### Assignment
Which lines of the entries below run from the one holding "Ideales Reiseset für" to the one holding "электроприводом AUMA |", inclusive? Set down exactly those lines and no others.

### Information provided
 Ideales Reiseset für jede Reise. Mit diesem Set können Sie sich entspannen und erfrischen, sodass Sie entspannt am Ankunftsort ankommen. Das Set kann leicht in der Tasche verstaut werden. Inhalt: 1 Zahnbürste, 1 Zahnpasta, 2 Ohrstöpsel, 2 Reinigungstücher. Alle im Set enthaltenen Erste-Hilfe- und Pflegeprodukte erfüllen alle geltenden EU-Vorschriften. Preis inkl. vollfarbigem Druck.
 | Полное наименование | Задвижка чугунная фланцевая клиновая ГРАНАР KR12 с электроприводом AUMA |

...

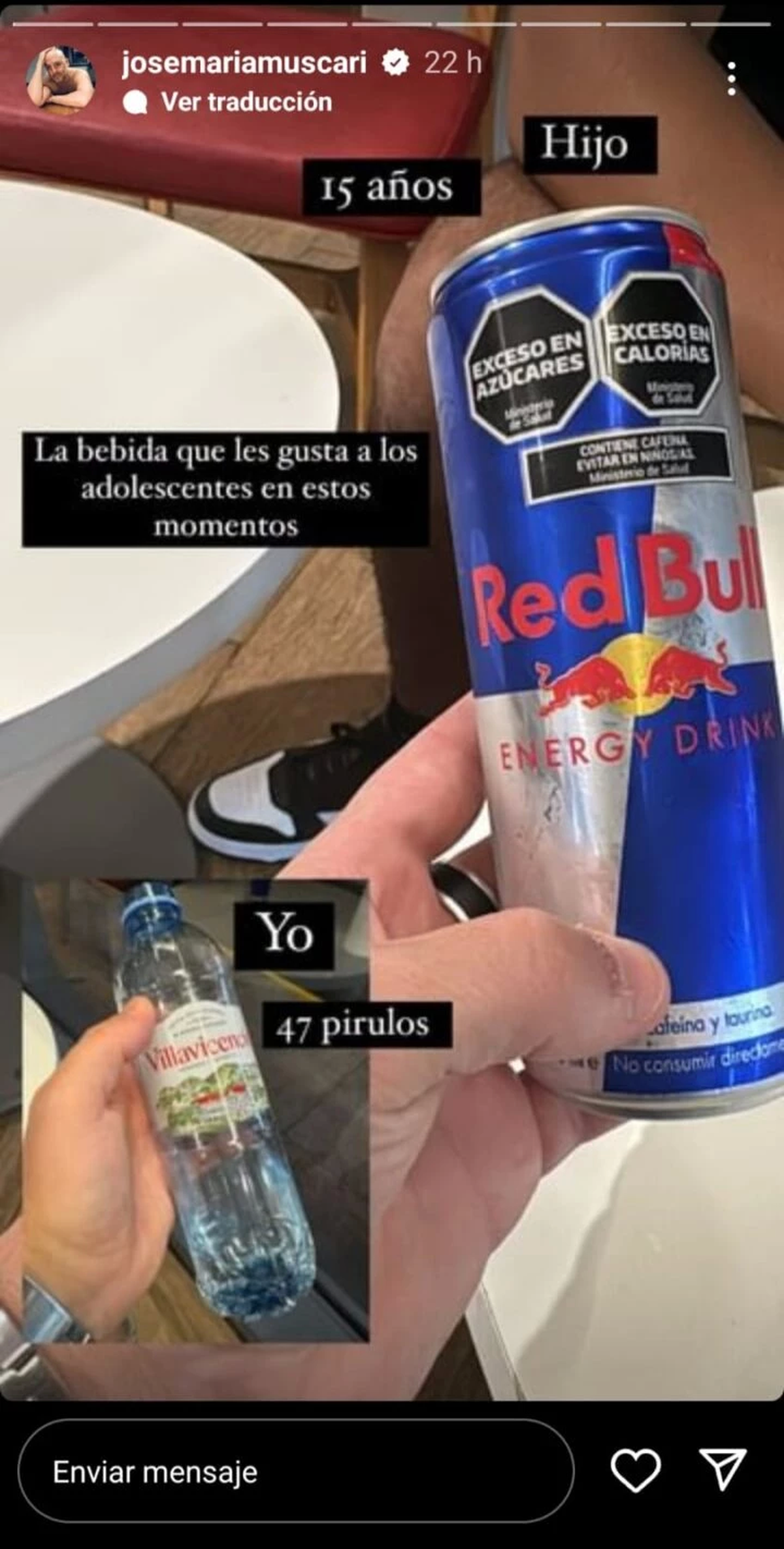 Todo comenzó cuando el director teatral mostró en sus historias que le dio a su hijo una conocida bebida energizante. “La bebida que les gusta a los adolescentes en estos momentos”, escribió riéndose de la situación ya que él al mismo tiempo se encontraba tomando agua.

...

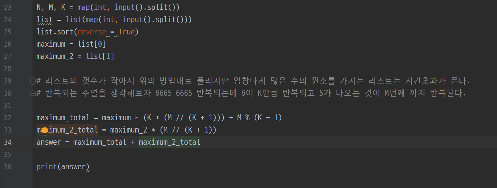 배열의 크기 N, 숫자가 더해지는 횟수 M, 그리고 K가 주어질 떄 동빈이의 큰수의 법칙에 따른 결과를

### Output of the task
 Ideales Reiseset für jede Reise. Mit diesem Set können Sie sich entspannen und erfrischen, sodass Sie entspannt am Ankunftsort ankommen. Das Set kann leicht in der Tasche verstaut werden. Inhalt: 1 Zahnbürste, 1 Zahnpasta, 2 Ohrstöpsel, 2 Reinigungstücher. Alle im Set enthaltenen Erste-Hilfe- und Pflegeprodukte erfüllen alle geltenden EU-Vorschriften. Preis inkl. vollfarbigem Druck.
 | Полное наименование | Задвижка чугунная фланцевая клиновая ГРАНАР KR12 с электроприводом AUMA |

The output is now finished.